The year is ending. Even most of my marketing is on hold until the beginning of the year. But if you're responsible for your organization's online presence, including the website, email list, facebook, etc, then you are either:
- agonizing over how to allocate your proposed budget;
- going through the final steps of budget approval; or
- wondering if the budget you proposed has enough money in all the right places.
Regardless of where you are in this process, there is one single Google Analytics report that you must look at right now to tell you how your online efforts are performing. This report is available in Google Analytics under "Traffic Sources->All Traffic Sources" and will work for you as long as you've got some Goals set up.
Set three variables on this page (I've circled them in red):
- Show: Source/medium;
- View the tab with an active goal set (I've got two sets, so I'm focusing on the second one here); and
- Have it show the conversion rate for one of your key website goals. I've selected the downloading of my fundraising ebook as the key goal.
Also you'll want to give yourself a good long time frame with the box at the top right.
This report will now show you both the effectiveness of each channel to converting traffic into downloads of my ebook, but also how much that channel is contributing to my overall total.
For example, look at the row labeled "facebook / cpc". That's for the Facebook cost-per-click ads I run advertising my fundraising ebook. Those are setup to spend no more than US$5 per day. They convert at a rate of almost 8% per visit, meaning that for every 100 visits generated, I get 8 ebook downloads. This campaign generates a whopping 20% of my total conversions, suggesting that I might be able to up my ad budget.

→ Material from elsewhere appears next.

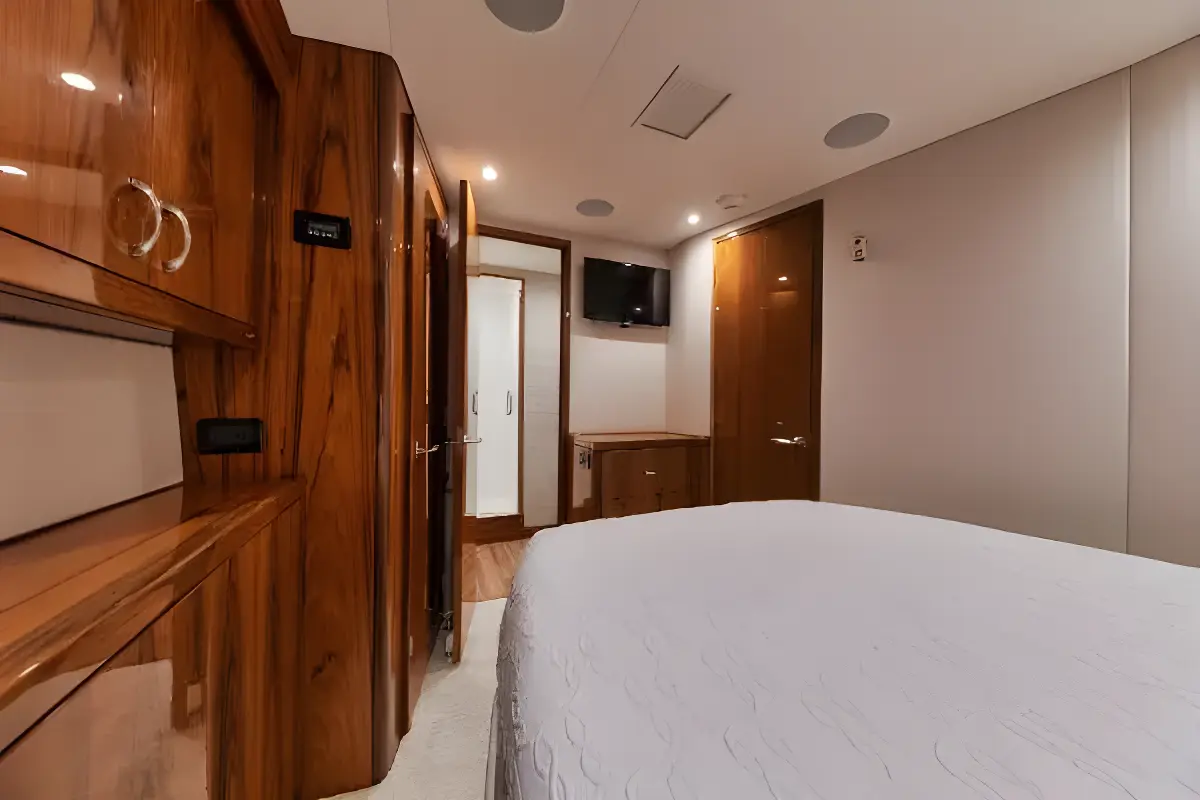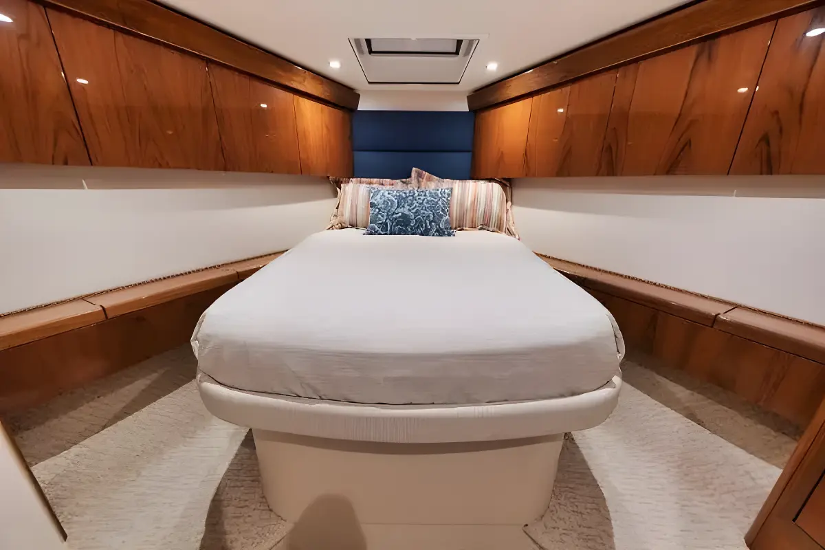 - Queen berth with custom Tempur-Pedic mattress, upholstered headboard and cedar lined storage underneath

Alternatively, visits coming in from twitter have a very low conversion rate: 0.66%, but because there are so many of them, they actually generate 5% of my total ebook downloads. Truth be told, I simply post links on twitter when I write something, and occasionally when I find an interesting link. I'm certainly not spending 5% of my time on it, so it's a very profitable channel, in that respect.
If I was killing myself, posting 30 things to Twitter everyday and still only getting 5% of my total return, I would call it time to scale back or find a more efficient way to do that work.
Feedburner is another example of this. I don't spend any time actually doing anything special for my RSS feed subscribers, besides writing the content, and yet that is also 5% of my ebook downloads.
This report should tell you how the work you're doing is producing results, and if those results are commensurate with the efforts you're putting forth.